Exercise: Could you retype the lines below, starting at the line holding "Tenzin Gyatso plays" and stopping at the line holding "KON shoulder bag", inclusive? Copy them exactly and drop the images.

Exercise data:
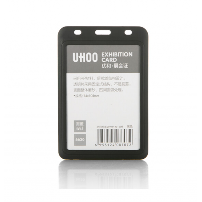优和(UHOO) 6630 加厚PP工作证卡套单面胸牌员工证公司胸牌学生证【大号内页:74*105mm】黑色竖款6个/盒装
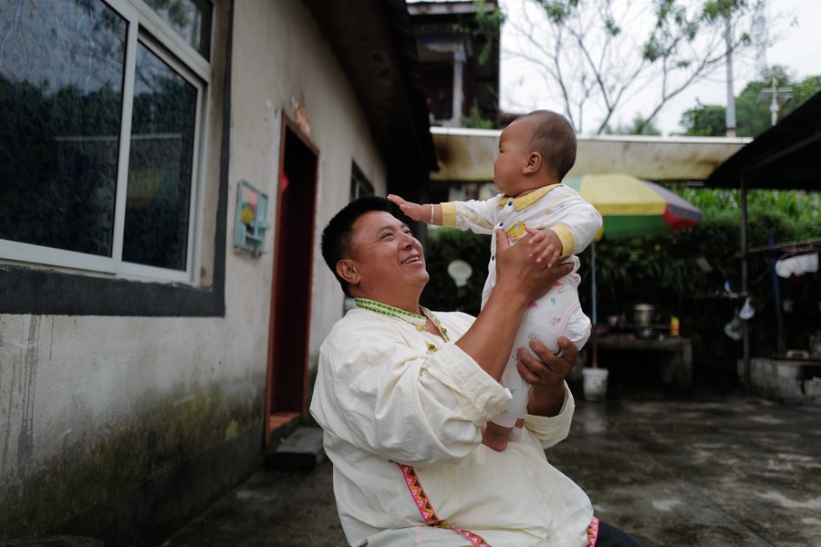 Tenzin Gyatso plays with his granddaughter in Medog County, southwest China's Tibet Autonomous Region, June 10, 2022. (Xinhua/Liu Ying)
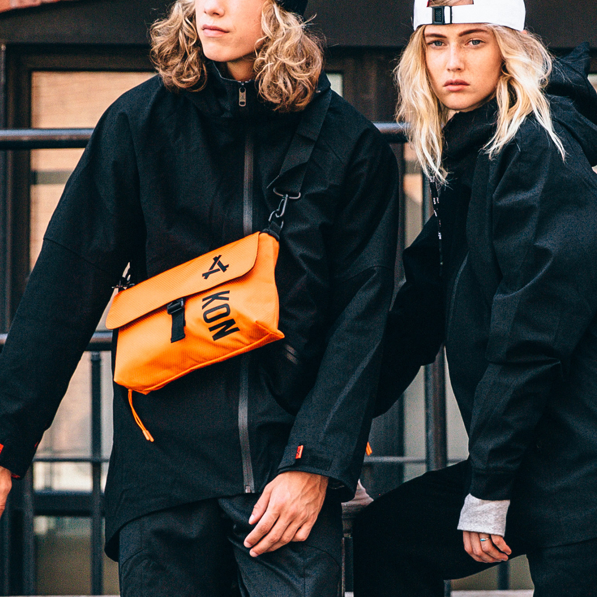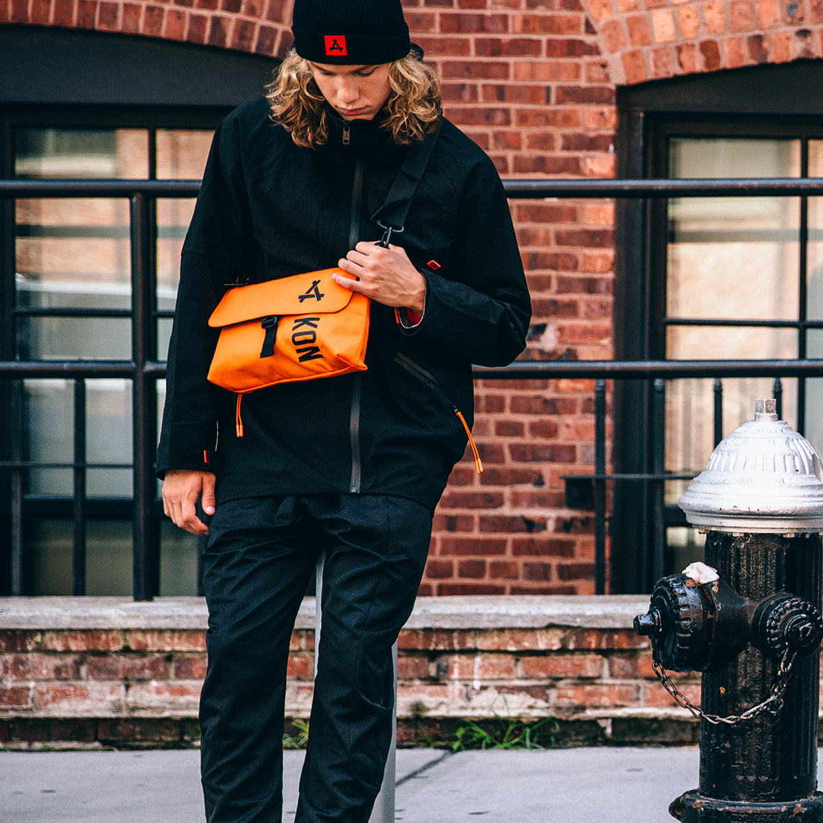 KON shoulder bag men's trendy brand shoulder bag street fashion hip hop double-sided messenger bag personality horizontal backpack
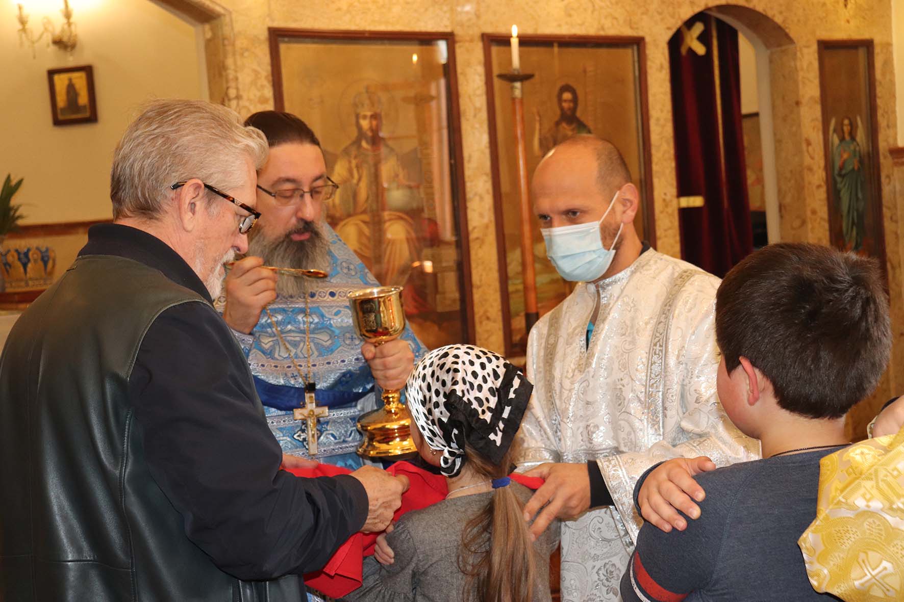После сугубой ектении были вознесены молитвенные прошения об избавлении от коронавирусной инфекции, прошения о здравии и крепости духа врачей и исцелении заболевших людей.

--

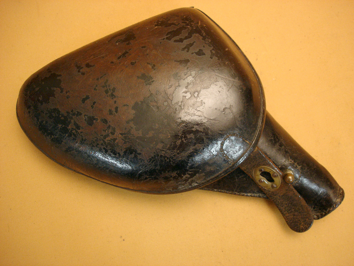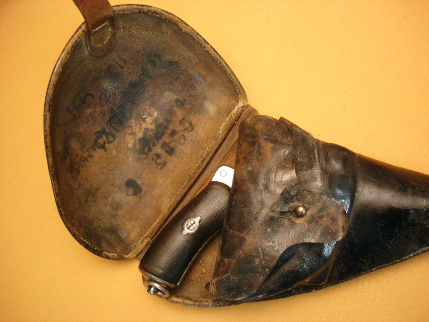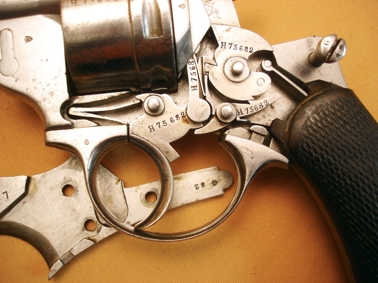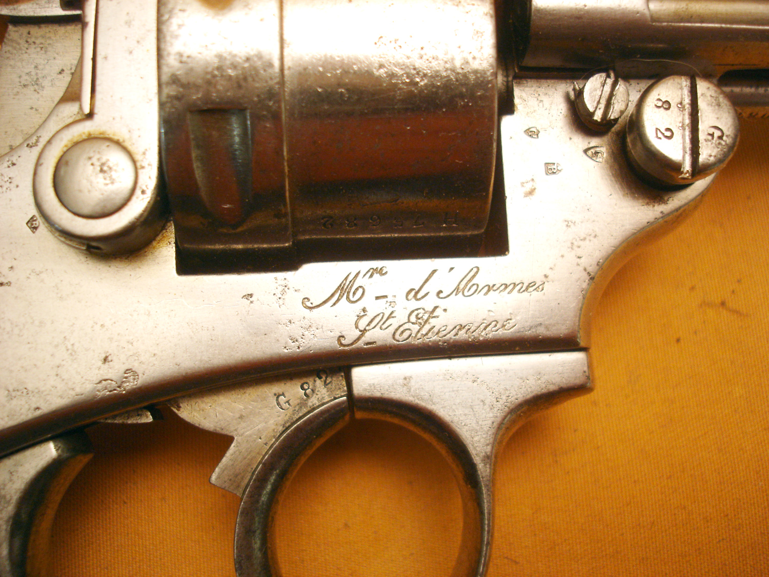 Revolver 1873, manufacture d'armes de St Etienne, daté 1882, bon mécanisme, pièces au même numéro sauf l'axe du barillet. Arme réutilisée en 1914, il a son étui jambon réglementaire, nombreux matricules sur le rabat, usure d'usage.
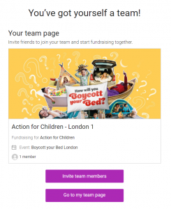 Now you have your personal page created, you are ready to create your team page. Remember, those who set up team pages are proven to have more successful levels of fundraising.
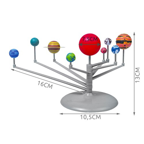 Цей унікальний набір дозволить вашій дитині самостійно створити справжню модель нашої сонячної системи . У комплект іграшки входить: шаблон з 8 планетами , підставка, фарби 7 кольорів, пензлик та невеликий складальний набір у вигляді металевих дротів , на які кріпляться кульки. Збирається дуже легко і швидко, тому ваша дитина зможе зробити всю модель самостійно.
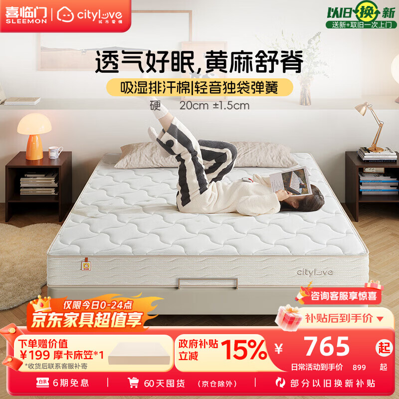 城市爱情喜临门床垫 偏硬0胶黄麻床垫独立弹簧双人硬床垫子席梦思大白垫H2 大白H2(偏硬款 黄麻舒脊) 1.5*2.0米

--

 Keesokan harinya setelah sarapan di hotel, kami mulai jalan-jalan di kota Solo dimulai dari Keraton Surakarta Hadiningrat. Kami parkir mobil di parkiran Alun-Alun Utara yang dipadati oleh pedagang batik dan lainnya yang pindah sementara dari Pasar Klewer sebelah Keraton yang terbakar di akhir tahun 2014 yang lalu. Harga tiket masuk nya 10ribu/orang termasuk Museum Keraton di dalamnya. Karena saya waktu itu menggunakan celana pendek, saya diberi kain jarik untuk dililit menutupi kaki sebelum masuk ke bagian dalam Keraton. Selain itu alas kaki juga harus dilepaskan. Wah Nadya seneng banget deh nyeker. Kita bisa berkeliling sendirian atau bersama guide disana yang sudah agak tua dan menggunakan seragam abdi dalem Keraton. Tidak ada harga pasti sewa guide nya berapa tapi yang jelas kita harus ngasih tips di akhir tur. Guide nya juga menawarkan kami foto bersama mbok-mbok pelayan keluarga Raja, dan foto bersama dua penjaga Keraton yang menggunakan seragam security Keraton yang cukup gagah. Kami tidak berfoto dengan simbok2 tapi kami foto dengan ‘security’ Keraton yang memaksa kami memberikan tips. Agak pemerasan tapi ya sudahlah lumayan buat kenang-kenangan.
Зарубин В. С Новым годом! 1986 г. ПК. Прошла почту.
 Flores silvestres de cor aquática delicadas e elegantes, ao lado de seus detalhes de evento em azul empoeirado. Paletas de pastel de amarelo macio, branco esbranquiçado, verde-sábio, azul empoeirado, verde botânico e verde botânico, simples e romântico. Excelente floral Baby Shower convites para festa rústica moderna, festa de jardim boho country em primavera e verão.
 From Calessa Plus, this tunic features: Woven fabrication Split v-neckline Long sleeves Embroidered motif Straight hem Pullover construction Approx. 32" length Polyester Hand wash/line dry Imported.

Response area:
 Tenzin Gyatso plays with his granddaughter in Medog County, southwest China's Tibet Autonomous Region, June 10, 2022. (Xinhua/Liu Ying)
 KON shoulder bag men's trendy brand shoulder bag street fashion hip hop double-sided messenger bag personality horizontal backpack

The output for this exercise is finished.